I got PD dx last year at 56, but think I had compulsive buying for years before that. Are we saying with PD, even before meds start, we get a dopamine “high” when we buy too many things and that makes us happy for awhile? Same with sex? Is this correct understanding? If so, most PD literature makes it sound like this only happens under agonist medications.
I am starting to fight with my husband every day now and I think I am losing my mind. I don’t know if I can hold it together much longer and I winder if we should live apart. I feel as if I am abandoning him when he needs me yet he is pushing me away. I hope I can last another week.
I am here for you all. As my partner's disease has progressed, we have discovered that living in separate houses has helped us both to strengthen our bond and allows him to live independently as long as possible. He has compulsive behaviors and poor judgment. However, for my mental health this is the best option.
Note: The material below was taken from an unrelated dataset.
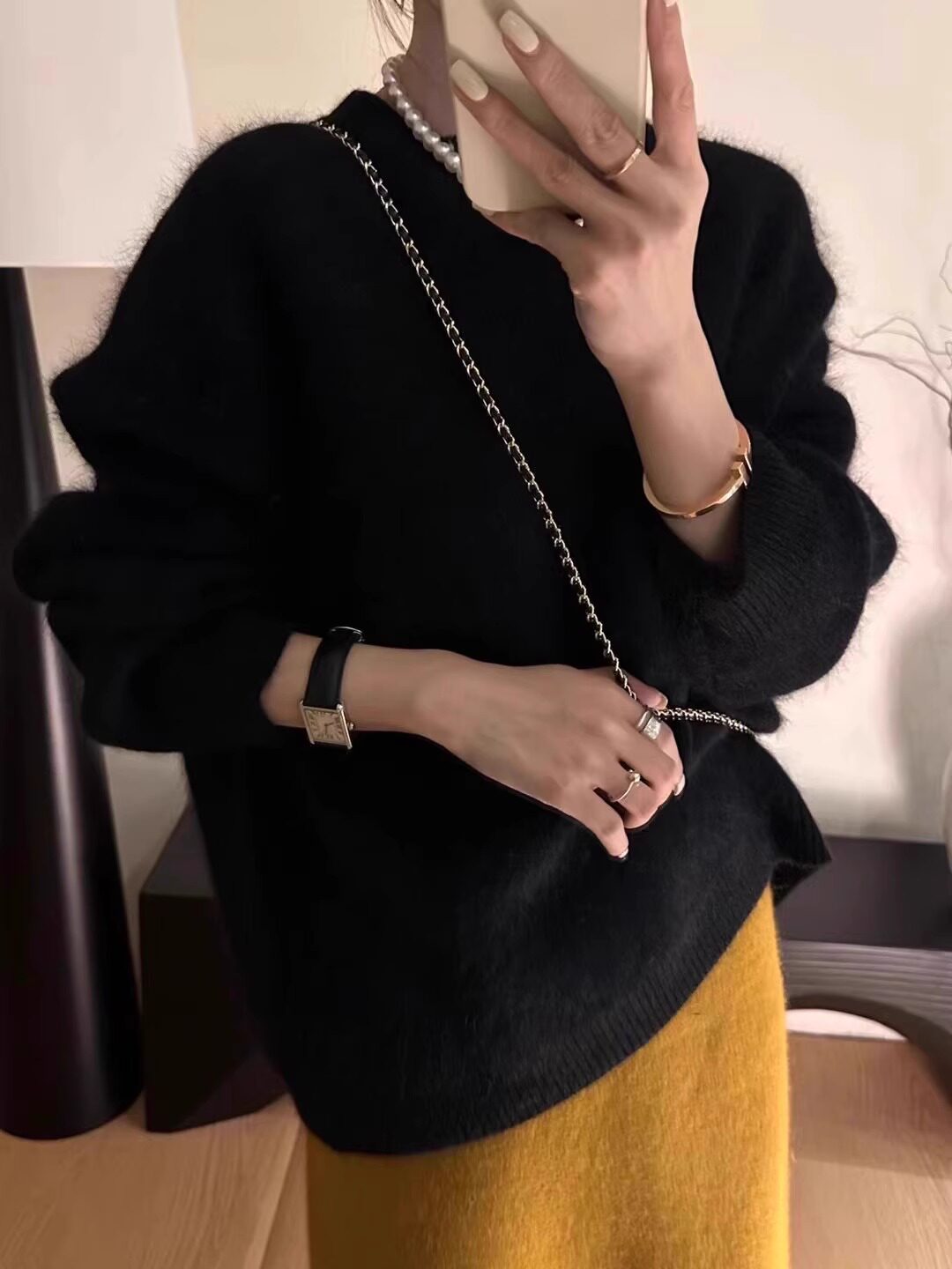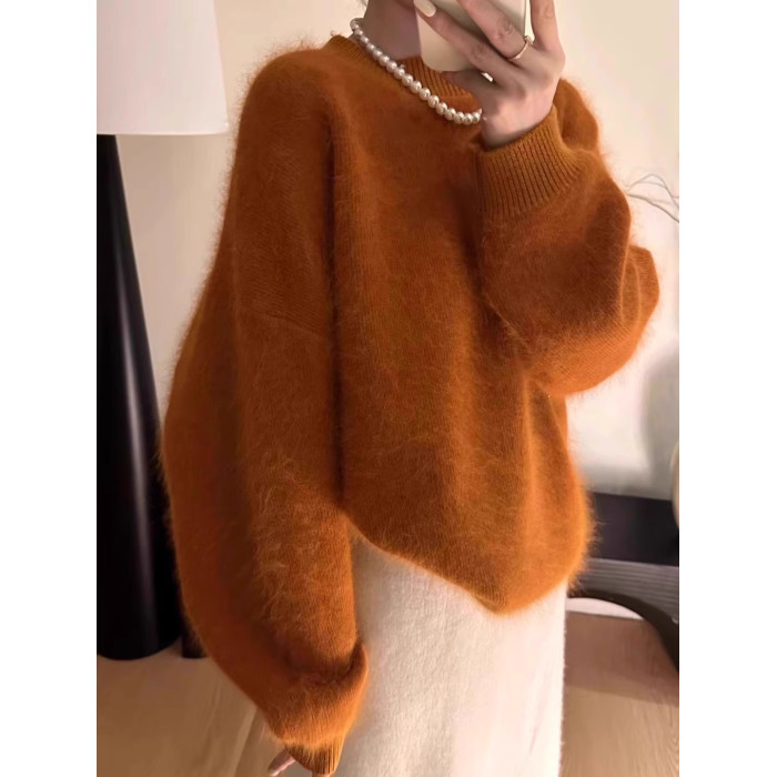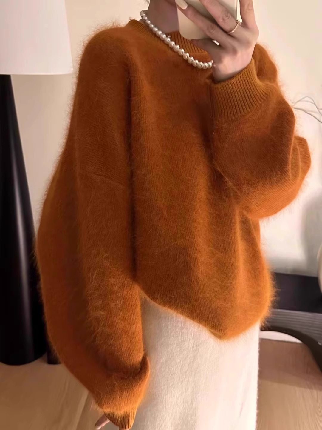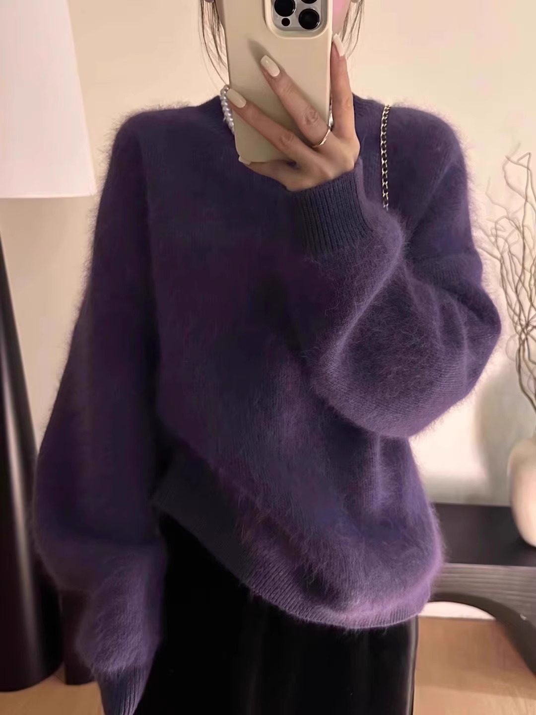 歐貨高級感葡萄紫色水貂絨毛衣女秋冬軟糯慵嬾風內搭浣熊絨針織衫

I often feel that he uses his disease to get attention, but then feel ashamed for thinking that. It's a very delicate balancing act being a caregiver!
Am I the only when with sexual compulsive behavior which started 6 years ago? It started with sexual thoughts, increased need and desire to have sex with my wife - she could not keep up, then there was porn, I could not help myself and wondered why this was happening? Doctor and articles helped but what wound up happening for a multitude of reasons we sleep in separate beds and only sleep together Friday and Saturday night.
Anyone care to share their insight with compulsive / impulsive behavior?